Yesterday, Stallworth had read Chandler the letters that Lockwood had written to Major Walter Beckford. Letters that Caesar Muzzey had conveniently betrayed before carrying them to New York.
“Yes,” Caleb said in a leaden voice. “But that doesn’t mean I’m a traitor.”
“Oh, no,” Stallworth said. “Not at all. Just because your mentor, the man whom you called in one of your letters the captain of your soul, is a traitor, that doesn’t mean you’re one. It just raises the probability a little higher. When we add to it all the other probabilities - no one else had a better opportunity to murder Caesar Muzzey, no one else had a better motive, presuming, as we must, that you’re in British pay. No one else has preached traitorous sermons to the troops. No one else arranged to send one of our congressmen to the house of a known British agent, where only good fortune prevented his capture. No one else proceeded to spend twenty-four hours with that same British agent, for Christ knows what hellish purpose. When we pile all those probabilities on top of one another, Chandler, they become a gallows high enough to hang you.”

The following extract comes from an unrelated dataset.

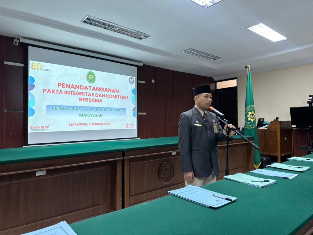 Pengadilan Tata Usaha Negara (PTUN) Makassar melaksanakan kegiatan Penandatanganan Pakta Integritas, Perjanjian Kinerja, dan Komitmen Bersama sebagai wujud penguatan integritas, akuntabilitas, serta komitmen seluruh aparatur dalam menjalankan tugas dan fungsi peradilan.

“I’ve told you a hundred times I knew nothing about Mrs. Kuyper being an agent. I knew nothing about Lockwood. I knew nothing about Caesar Muzzey. I only wanted to see justice done.”
Stallworth shook his head. “Chandler, your feeble pleas won’t convince a court-martial board. There are too many coincidences. Your one chance for life is to tell us the truth. Confess your guilt. Give us the names of the other people in your network. Who recruited you?”
“No one. Major, please believe me. I’m not a spy. I . . . I’m ready to die for the cause. I came here believing everyone, Joel Lockwood, the soldiers, the officers, felt the same way.”
“Have you ever seen a man hanged, Chandler?”
“No! I told you. I . . . I never have.”
“I saw General Putnam hang one of your royalist confederates, a Ridgefield man named Jones, about a year ago. It was a dismal scene. His parents and relatives wringing their hands, wailing. You can be sure we’ll hang you back in Connecticut, as an example to others of your traitorous ilk.”